Sunday, May 6, 2012

What me Bitter? I don’t thinks so




Some people who read this blog think I’m an angry. That I’m some bitter guy pissed off at the world.

In real life I’m a nice guy. A sweetheart. Easygoing, friendly and a lot of fun to be around. Some even say I’m too nice.

But even though I’m kind I don’t put up with bullshit. When I see bullshit, I call it.

If that’s angry ranting to some, then it’s angry ranting. But it’s not reflective of who I am in real life.

I’ve had to deal with a lot of problems over the past three going on four years. Losing a job, unemployment, and a declining savings. All the while I’ve been trying to start a self-publishing venture.

I’ve had my share of frustrations. I deal with a lot of pressures. When you are out of work and your savings are running low, you’re against the clock to find that next job before your money runs out. That pressure increases when you run into dead ends or have to deal with people who waste your time by asking you to come down to an interview for a job and then don’t even give you a chance to even interview.

In my mind it’s tick-tock. Tick-tock. A race against the clock I’m racing against the clock regarding my money, my age (38 going on 39) and time itself. The longer I stay unemployed the harder it’s going to be to find another job. In another two years I know it’s over. No one hires men over 40 who have been out of work for five years. Especially Black men.

So I’m doing what I can to stay afloat. Working hard towards getting this publishing venture going. Fighting to get sales. Fighting to keep my books in print. Trying to get some money in the house after my unemployment ran out two years ago.

All of this takes money. Money I have to spend. Money that’s disappearing with each passing day.

With each interview I spend close to a fifty dollars getting ready. Haircuts, dry cleaning, printing resumes, and bus fare here in New York City don’t come cheap. All that money is lost when I don’t get the job.

It works my nerves when I spend close to a month preparing to go to interviews like the one for the IT Assistant position at CUNY about a year ago where the guy just decides to change the job description on the fly. Or the CUNY office assistant hiring pools where they bring 30 people in for just ONE or two openings. Then tell all the Black men to leave and allow the Black women and women of other ethnicities to stay. Your name is still on the list but you’re out the fifty bucks you spent preparing to come halfway cross-town for a lousy $26,000 a year $9 an hour job.

On top of the pressures of the job search I have to deal with a lot of bullshit on these job searches.

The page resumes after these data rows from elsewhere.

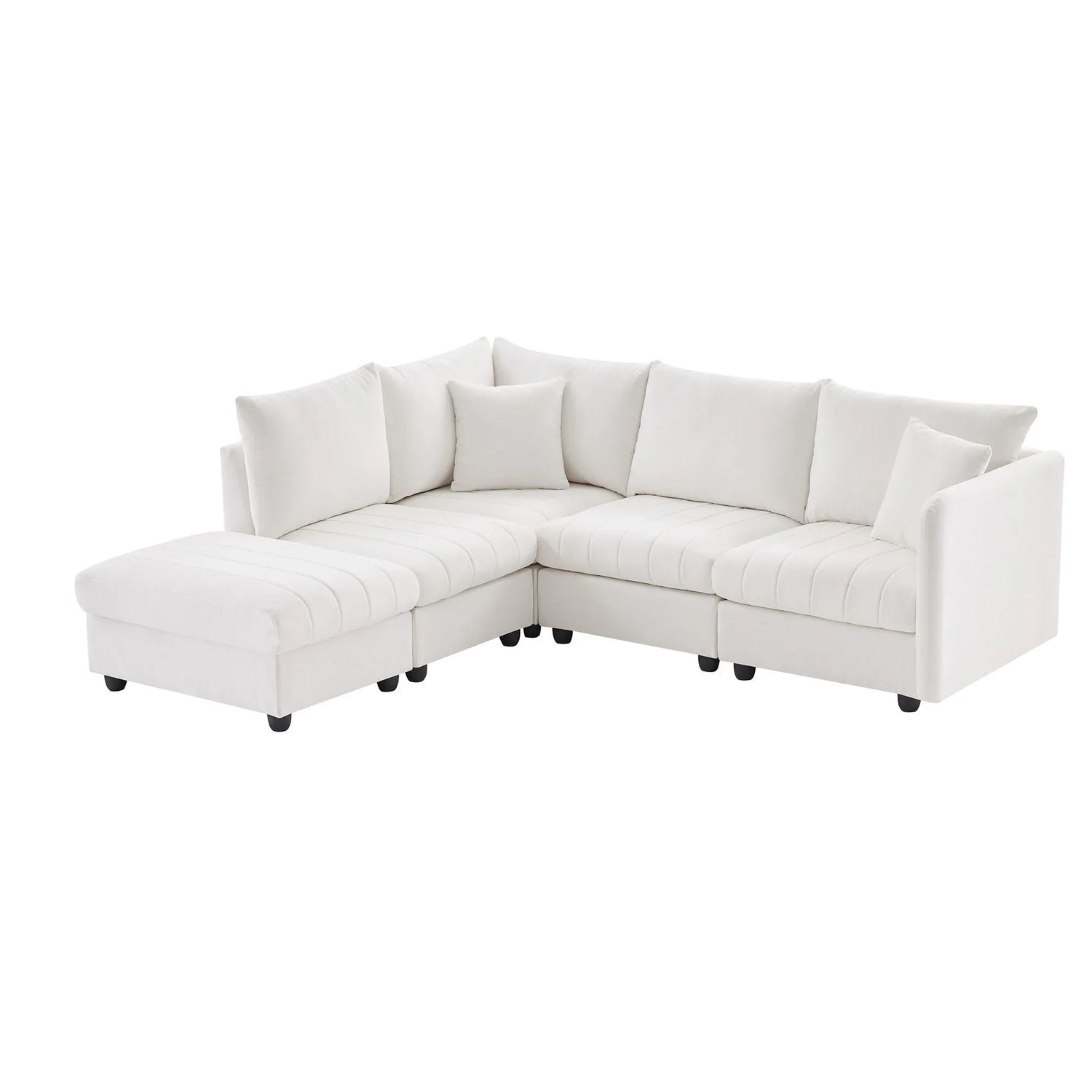 Modern Sectional Sofa With Vertical Stripes, 2 Pillows, 5 Seat Couch With Convertible Ottoman, Various Combinations, L-Shape Indoor Furniture - White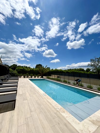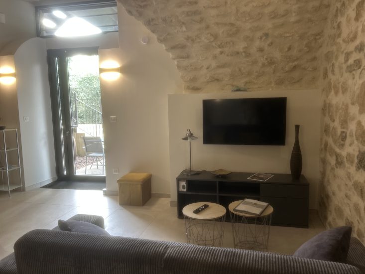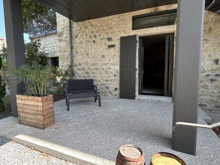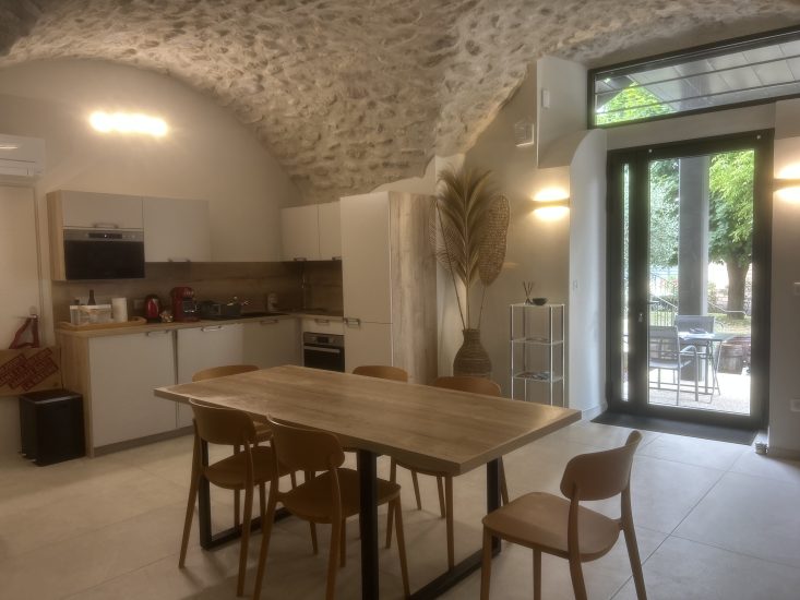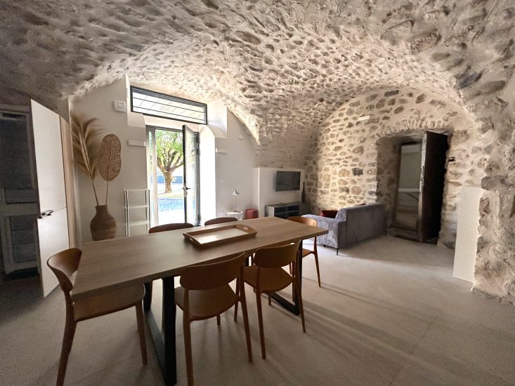 5-Sterne-Ferienwohnung 42 m² mit großer eigener Terrasse nur wenige Schritte vom Fluss Ardèche entfernt in einem vollständig renovierten Gebäude aus dem 18. Jahrhundert in der Ardèche. Jahrhundert. Vor Ort: schöner Platz mit Bäumen und einer hundertjährigen Linde, privater Pool des Clos und großer Bouleplatz.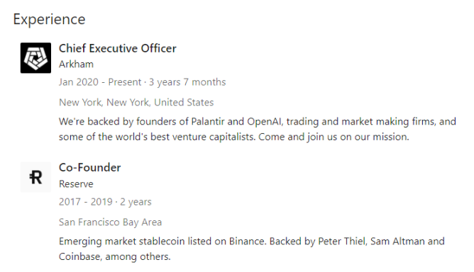 扒皮不止于 Arkham 本身,其创始人也 Miguel Morel 也难逃一劫,并将其与 CIA 联系到了一起。

Surly receptionists. Smart-ass interviewers who want to make fun of my clothes and the articulate way I speak. People so smug they don’t think I’m good enough for their retail jobs. Racists who are already looking past me, and Black women with attitudes so nasty it’s a wonder how they keep a job in the first place.

Then there are the family members who provide next to no support. Older people who don’t understand how much the world has changed in the last twenty years. Hell, how much it’s changed in the last five. People who insist that their old approaches will work even though they’ve been proven to NOT work. People who don’t understand that doing the same things over and over will get me nowhere but broke.

People who have jobs but won’t lift a finger to help you out. They can talk a lot of shit but when you ask them to step their asses to the plate they give you an excuse. They really don’t want to help, they just want to talk a lot of shit. But that’s Black people.

People who try to help but their co-workers are just assholes.

Sometimes people don’t understand how the little things they say can make a bad situation even worse for someone. Slick little comments that can get under your skin. Stuff that makes you want to punch them in the face. Sometimes you just want to tell people to just shut the fuck up but you don’t want to hurt their feelings or escalate a situation into a bigger fight.

And I run into that a lot dealing with Black people. They just work a nerve. They just frustrate me to the point of making me want to lose it. They don’t’ understand how much pressure I’m under. How I’m walking on a tightrope that’s this close to snapping.

In addition to those pressures, I have to deal with the pressures of living in the South Bronx. Brothers like myself spend most of their time looking over their shoulders worrying about what’s going to go down. A look can turn into a fight. Or a gun battle.

So if I sound bitter in this blog, I’m dealing with a lot of shit. If any of you had to walk a mile in my shoes and deal with the bullshit I’ve had to deal with over the past four years you wouldn’t be smiling either.

1 comment:

  1. When people are emotionally honest with their observations and feelings, we get labeled "bitter" and "a hater". Those words could not be farther from the truth. If *everyone* possessed the ability to be emotionally honest, the world wouldn't have so many fucked up people in it.